Best Month Ever! Review – A Meandering Road Trip

Best Month Ever! (I’ll leave the exclamation mark out in subsequent mentions) wants to be a poignant road trip. In particular, it wants to be a trip down the stretch of memory lane that goes back to the less-than-glamorous history of America: the decades after the Emancipation Proclamation in 1863. It replicates the nostalgia of warm, sepia-toned photographs—those taken with an old-school film camera—as it retells this tale, and I mean this both literally and figuratively. Everything you’ll see in the game is a recollection of old memories, tangled in a web of historical events and personal anecdotes. Events play out via sequences of flashbacks that are clearly spliced together, in which you’ll click on a few objects or meander around the vicinity. Chapters conclude with a snapshot that wouldn’t look out of place with a cheesy “Wish you were here!” greeting, emblazoned across its image. And all these are set in the most Americana of backdrops: highways that lead to truck stop diners, drive-throughs amidst the cliffs of the Grand Canyon, and riverside campfires in the thick of a forest.
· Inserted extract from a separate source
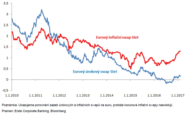 Inflace a úrokové sazby chodí v trendu spolu. Nízké inflaci v posledních letech vděčí za slabou korunu nejen exportéři, ale také všichni, kdo mají úvěry na plovoucí sazbě nebo na nízkém fixu. ČNB letos asi sazby zvyšovat nebude. Mění se ale sazby tam, kde se dají budoucí úrokové náklady zamknout. Sazby úrokových swapů (IRS) si sáhly na dno v létě 2016 po britském referendu a od té doby narostly o necelých 60 bazických bodů na 5letém IRS.

But the most memorable of road trips have a vivid, enduring story tying them all together. In Best Month Ever, this tale is centred around a young man named Mitch, who’s recalling one of the best and most bittersweet moments of his life: when his mother, Louise, decided to drive their beat-up car across rutted dirt roads and stretches of asphalt. Of course, life in 1960s America isn’t going to be easy for a single white mother and her Black child, and it will come as no surprise that Best Month Ever is also about navigating the systematic issues and obstacles of that era as the duo. Louise and Mitch will visit estranged family and long-lost friends, while spending precious hours with one another, with these chronologised as montages in Mitch’s rough childhood. But how Louise and Mitch respond to these scenarios, through dialogue options and key decisions, will influence Mitch’s personality and the game’s ending, too. This has been emphasised repeatedly on Best Month Ever’s Steam page as “Your choices matter!”, “Everything has consequences”, and “Your decisions REALLY matter!”, with a somewhat eye-boggling figure of nine unique endings.

These conclusions, of course, are ultimately beholden to a system of numbers. If Louise is wont to act impulsively, or behave in a manner that’s staunchly anti-establishment, Mitch will remember it; this will supposedly add or subtract some figures from a given formula, which will determine the sort of ending you’ll get. I’m describing these in a very mechanical manner obviously, but the thing about Best Month Ever is the way that this story is presented feels rather cursory, as if it really is just a game set in the backdrop of 1960s America. You’re invited to poke around the environments, but you’re never truly incentivised to find out more. After a while, the skeletal framework of its narrative begins to show, something I find almost impossible to ignore after spending an hour or so with the game: a short monologue by the grown-up Mitch, some dialogues between its characters, and a closing statement by Mitch, summing up his feelings and the events of the chapter.

Then there’s its story which, while well-written and genuinely moving at times, plods along at its own leisurely pace, with anecdotes that rarely reach an emotional high or rock bottom. Things, as it seems, eventually unfold like clockwork. You don’t really get to know its cast of characters better aside from Louise and Mitch, most of whom seem largely detached from the scenes in the game, repeating words that they’re programmed to say. Plus, interspersed between conversations and exploration are some brief quick-time events and driving sequences, but it feels oddly arbitrary, as if to justify its existence as a video game. As such, Best Month Ever feels like it’s progressing at a glacial pace, as it meanders towards its point. Even for a game that’s relatively short, it sometimes feels like it has gone on for ages.

That’s not to say that Best Month Ever is devoid of all personality. A highlight of the game is Louise, a feisty lady who’s immensely likeable, probably because she’s one character we’re most acquainted with as players. That, I suspect, is the main issue behind Best Month Ever; that even with a cast of potentially fascinating characters, we don’t really earn the opportunity to know most of them intimately, and thus they’re mostly reduced to animatronic figures that dither and amble about in the background. Hell, even the car that Louise and Mitch spend their road trip in has more screen time than the bulk of its cast, its state a clear metaphor for the various stages of Louise’s and Mitch’s journey together, from its beginnings as a speedy, hardy convertible to its constant need for repairs and maintenance in its later stages.

Eventually, Best Month Ever becomes a largely run-of-the-mill road trip; you know, the sort of trip you don’t mind embarking on, but would be perfectly okay if it has to end prematurely. In other words, it’s not exactly the most thrilling or boring of journeys, but also one that needs frequent pit stops to sustain your interest, if you wish to see the game through to its conclusion. What’s unfortunate is that Best Month Ever also unabashedly pines for several playthroughs, as evident in its myriad endings, but the vehicle it’s run on guzzles your stamina and patience like the least fuel efficient of cars. Unfortunately, I only have the capacity for a single excursion or two; I don’t think I can stay awake as the road trip sluggishly cruises towards its destination.

Score: 3/5. A review copy was provided by the publisher.